Anita Nair is an India-born novelist. Born in Kerala in 1966, Anita is a B.A. in English Language and Literature. She started her career in the field of advertising, but was always actively writing for magazines.

Nair’s preferred genres include short stories, poetry, essays, crime fiction, romance, and children’s literature.

Her most notable works include The Better Man, Ladies Coupe, Mistress, and Lessons in Forgetting. She has received numerous awards and accolades for her contributions to contemporary literature.

She resides in Bengaluru with her husband and son.


Eating Wasps is a collection of ten stories woven into one.

Sreelakshmi is a successful writer. Having received the Kerala Sahitya Akademi award and been an accomplished zoology professor, she inexplicably commits suicide at thirty-five. Everyone seems to have their own theory. However, death fails to deliver the salvation she craves for as part of her mortal body is found tucked in the false cabinet of a closet by someone she cared for.

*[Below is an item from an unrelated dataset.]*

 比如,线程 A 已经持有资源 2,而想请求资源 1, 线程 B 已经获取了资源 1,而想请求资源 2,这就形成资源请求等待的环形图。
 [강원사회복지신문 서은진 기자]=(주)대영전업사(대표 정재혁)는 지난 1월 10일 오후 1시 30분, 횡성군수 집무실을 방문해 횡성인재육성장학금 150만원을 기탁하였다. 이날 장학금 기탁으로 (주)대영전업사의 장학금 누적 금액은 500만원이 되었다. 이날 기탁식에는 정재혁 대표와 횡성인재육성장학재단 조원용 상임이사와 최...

Fifty-two years later, Sreelakshmi is freed from her prison. She finds herself in a resort on the banks of river Nila. She has passed through the hands of nine other women and experienced their stories in the process.

An excerpt from Eating Wasps by Anita Nair

Urvashi, Megha, Nazma, Rupa, Molly, Theresa, Brinda, Liliana, and Maya have their own stories of sexual and mental abuse, physical attacks, social prejudices, stalking, unfaithful husbands, extramarital affairs, depression, and online bullying. And so does Sreelakshmi.

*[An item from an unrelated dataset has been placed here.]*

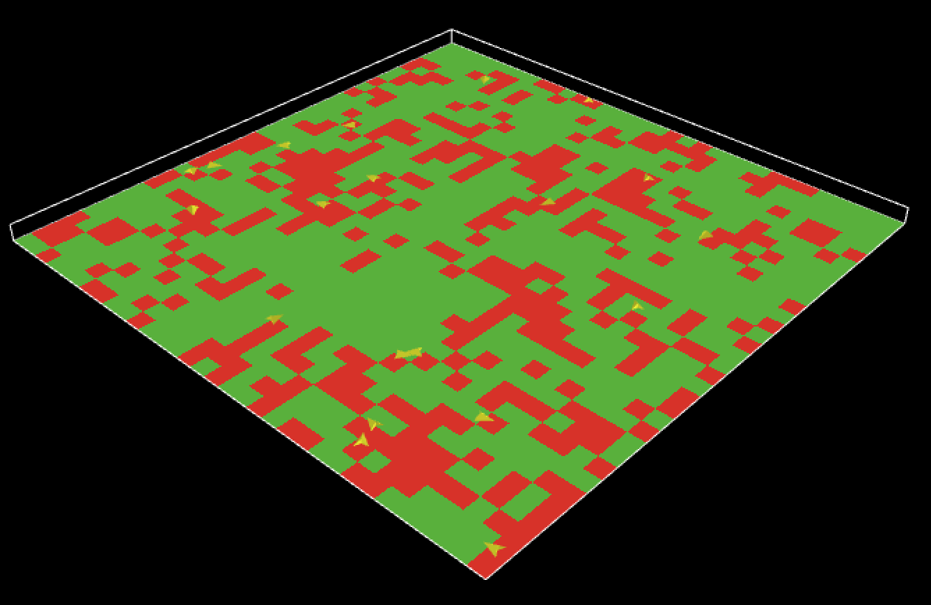 turtles-own [ energy ] to setup clear-all setup-patches setup-red reset-ticks end to go if ticks >= 12 [ setup-blue] if ticks >= 500 [ stop ] move-turtles eat-grass check-death reproduce tick end to move-turtles ask turtles [ right random 360 forward random 3 set energy energy - 5 ] end to setup-patches ask patches [ set pcolor green] end to setup-red create-turtles random 200 [setxy random-xcor random-ycor ] ask turtles [ set color yellow ] end to setup-blue create-turtles random 20 [setxy random-xcor random-ycor ] ask turtles [ set color blue if pcolor = red[ set energy energy + 5] ] end to eat-grass ask turtles [ if pcolor = green [ set pcolor red set energy energy + 10 ] if pcolor = red [ set energy energy - 2 ] ] end to check-death ask turtles [ if energy <= 0 [ die ] ] end to reproduce ask turtles [ if energy > 50 [ set energy energy - 50 hatch 1 [ set energy 50 ] ] ] end

Eating Wasps is a brilliantly written novel. The characterization of both the protagonists, Sreelakshmi and Urvashi, is remarkable. Every subplot in the novel is emotional and thought-provoking.

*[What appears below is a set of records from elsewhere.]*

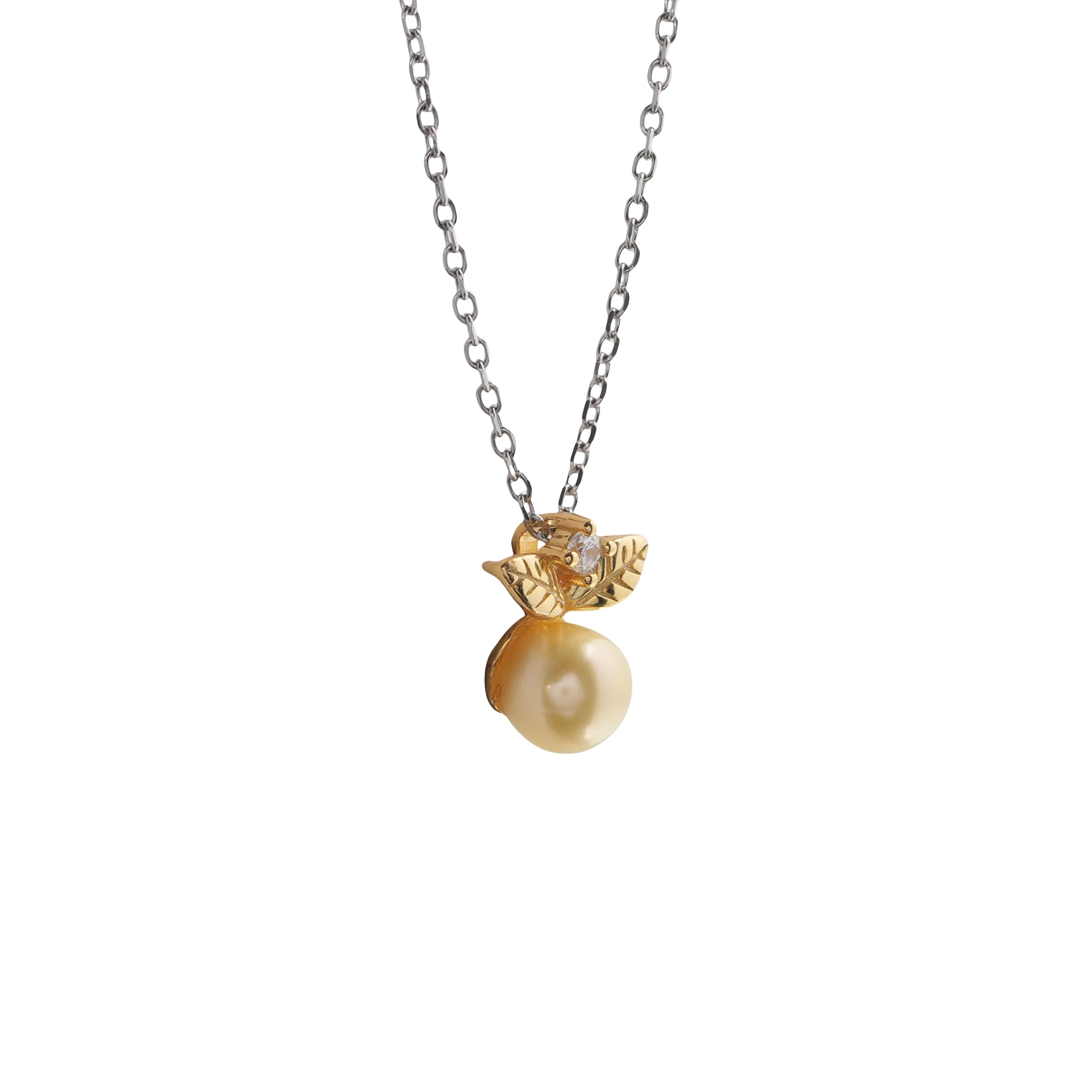 Golden Pearl Pendant Necklace, Sterling Silver Chain with Leaf Design & Crystal Accent, Elegant Jewellery Gift for Her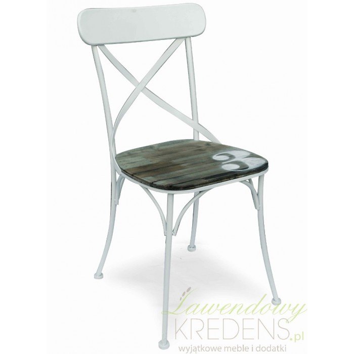 Metalowe krzesło w białym kolorze z drewnianym siedziskiem ozdobionym namalowaną cyfrą "3".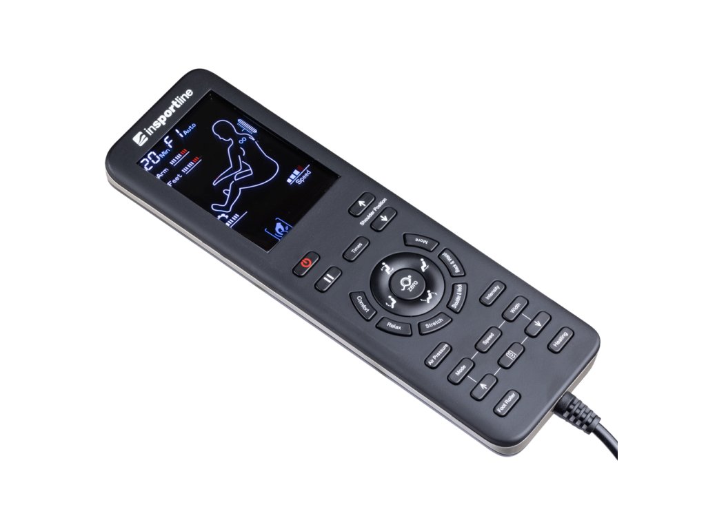 - 12 előre beállított program (kényelmes masszázs, relaxáló masszázs, nyak- és vállmasszázs, hát- és derékmasszázs, teljes testmasszázs, csontkovács masszázs, regeneráló masszázs, meridián masszázs, far- és combmasszázs, relaxáló masszázs a jobb alvásért, teljes testes légmasszázs)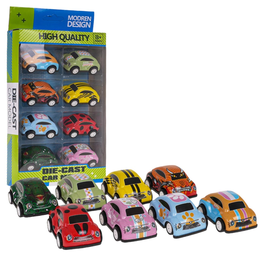 Šis košais 8 mini mašīnīšu komplekts apvieno izturību, dizainu un vienkāršu lietošanu. Metāla virsbūve ar mūsdienīgiem motīviem un gumijas riepas nodrošina ilgu kalpošanas laiku un teicamu saķeri uz gludām virsmām. Inerces (pull-back) piedziņa ļauj mašīnītēm pēc īsas atvilkšanas pašām strauji doties uz priekšu.

Anita Nair has brought together the myriad issues that plague women across age groups, religions, and social classes. She has convincingly driven home the point that most victims are too ashamed and scared to share their pain, choosing to suffer in silence. No one can help them unless they muster the courage to speak up.

Nair also deserves credit for how seamlessly she has transitioned from one story to another. Despite being a collection of several unrelated stories, the book somehow feels like one unified tale.


Despite its fascinating plot, most of the content of Eating Wasps is fairly clichéd.

The story hardly has any novelty about it. Most narratives go along rather predictable lines after the first couple of paragraphs. The glaring absence of stories with a happy ending doesn’t aid the reading experience, either.


When the train began to move and everyone settled down, she pulled the top part of the burkha away from her face. She heard the collective gasp of horror. Her melted face, the stretched-out skin of her neck, were not easy to look at.

The Indonesian has the first point and the next serve. It’s not the point. It’s the psychological advantage. Brinda feels an angry sob rise in her. Bitch! Bloody scheming bitch.


Ameya Score:

All things considered, Eating Wasps is nothing more and nothing less than a one-time read. Despite the foreseeable plots of most of its stories, the book is worth reading because it reminds women why they need to be kinder to themselves.